Травма и память. Влияние травмирующих воспоминаний на тело и мозг — страница 18 из 32

Теперь, когда Джеку исполнилось четырнадцать месяцев, его готовили к еще одной инвазивной процедуре – исследованию в связи с эпизодическим гастроэзофагеальным рефлюксом. Его мать, Сьюзен, послушно следовала рекомендациям педиатра, и эндоскопия была назначена через две недели со дня нашего первого сеанса. Хотя она ценила скрупулезность педиатра, Сьюзен надеялась, что может быть другое решение, которое не было бы инвазивным и потенциально травмирующим. Вооруженные этой надеждой, она и ее маленький сын прибыли на мой порог поздней осенью 2009 года.

Джек сидел верхом на бедре матери, когда я открыл дверь, опередив ее второй стук. Она выглядела несколько смущенной, переступая порог в мой кабинет. Справившись с собой и половчее перехватив сына, она представилась сама и представила Джека. Когда они входили в прихожую, я заметил какую-то неловкость в общем балансе матери и сына. Я мог бы отмахнуться от этого как от вполне объяснимой неловкости перед новым окружением, незнакомцем и неизвестностью того, что будет происходить. Однако это казалось чем-то более фундаментальным; в их парном движении был некий изначальный диссонанс.

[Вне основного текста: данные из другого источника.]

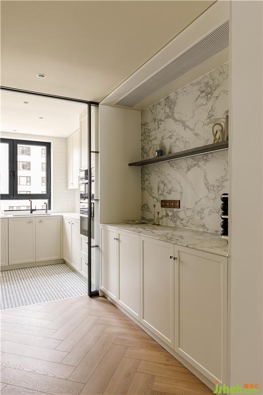 衣帽间运用拱形门+金属质感的拉手五金,家装设计营造了一份独有的法式优雅;同时在柜体的材质选用了模压板,带线条的层次,衣帽间多了几分庄重。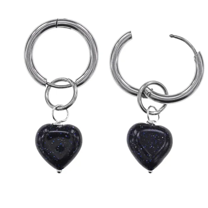 Серьги-сердца из гипоаллергенного сплава с синтетическим камнем синий авантюрин.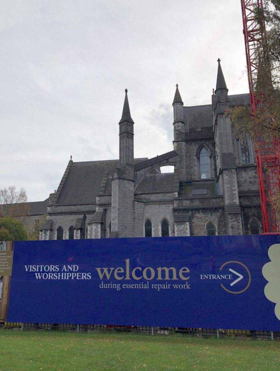 クライストチャーチ大聖堂から徒歩7分で行きました。まずその手前の公園に入ります。広い公園から大きい大聖堂を綺麗に写真を撮れますが、工事中で半分は覆われています。入り口に回して入ろうとしたが、入場料8ユーロ!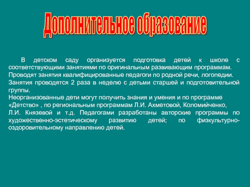 Л.И. Князевой и т.д. Педагогами разработаны авторские программы по художественно-эстетическому развитию детей; по физкультурно-оздоровительному направлению детей.
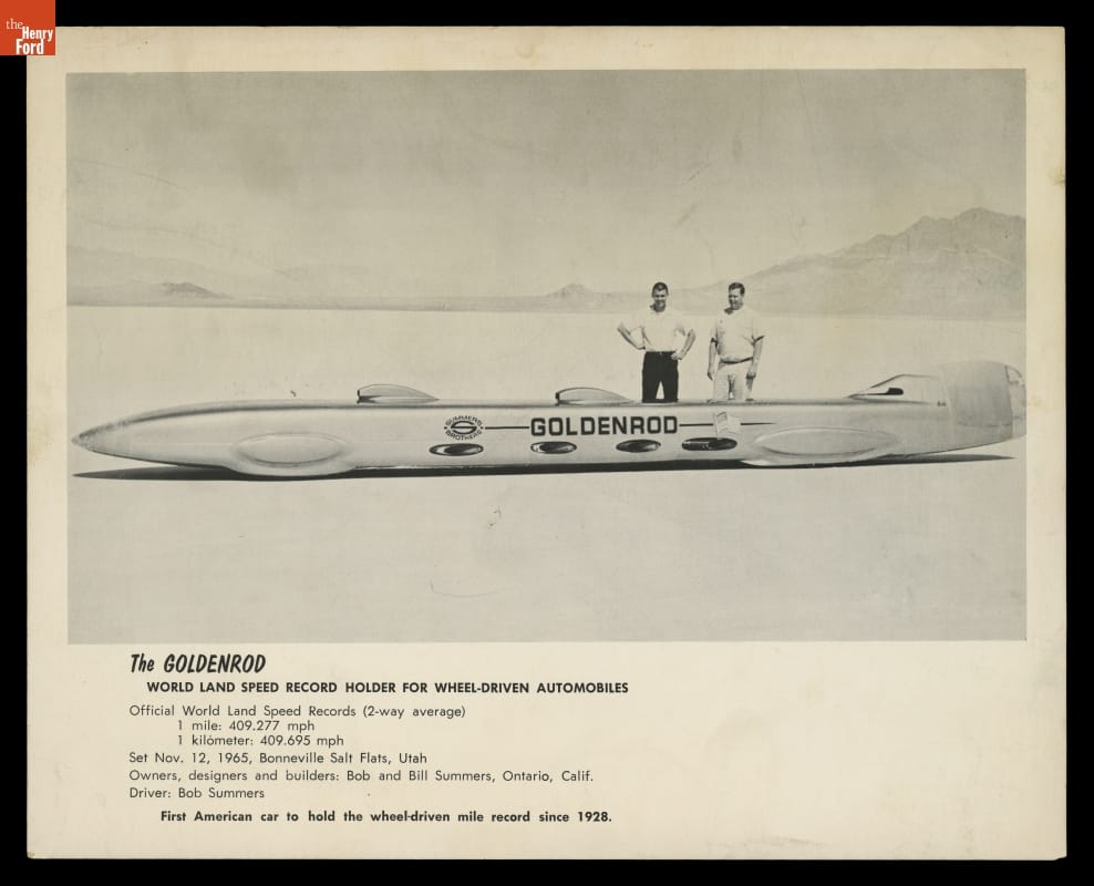 The GOLDENROD / WORLD LAND SPEED RECORD HOLDER FOR WHEEL-DRIVEN AUTOMOBILES / Official World Land Speed Records (2-way average) / 1 mile 409.277 mph / 1 kilometer: 409.695 mph / Set Nov. 12, 1965, Bonneville Salt Flats, Utah / Owners, designers and builders: Bob and Bill Summers, Ontario, Calif. / Driver: Bob Summers / First American car to hold the wheel-driven mile record since 1928.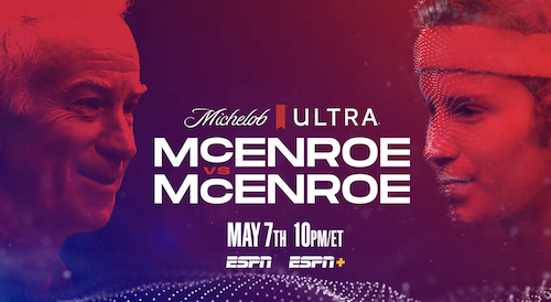 On May 7, Michelob Ultra and ESPN will pit John McEnroe against himself in a tennis match. It will be the first real vs virtual tennis match. McEnroe, now 63, will play against virtual avatars designed by AI and machine learning to look and play like five versions of the younger McEnroe at different stages of his career.
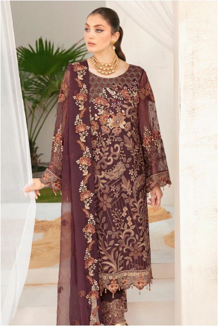 RAMSHA F-2211 STITCHED CHIFFON COLLECTION 2023 Embroidered Chiffon front with sequins

Часто считается, что при наличии разрыва связи между ребенком и матерью именно со стороны матери не была обеспечена благоприятная среда, необходимая для установления связи. Это не всегда так, что было очевидно в случае со Сьюзен. Она искренне и с любовью обеспечивала комфорт, поддержку и внимание своему ребенку. Скорее это были травматические роды, которые послужили толчком, разделившим их при рождении. Последующая «ударная волна» нарушила их взаимную способность участвовать в самых интимных моментах друг друга, сближаться друг с другом и формировать взаимную привязанность.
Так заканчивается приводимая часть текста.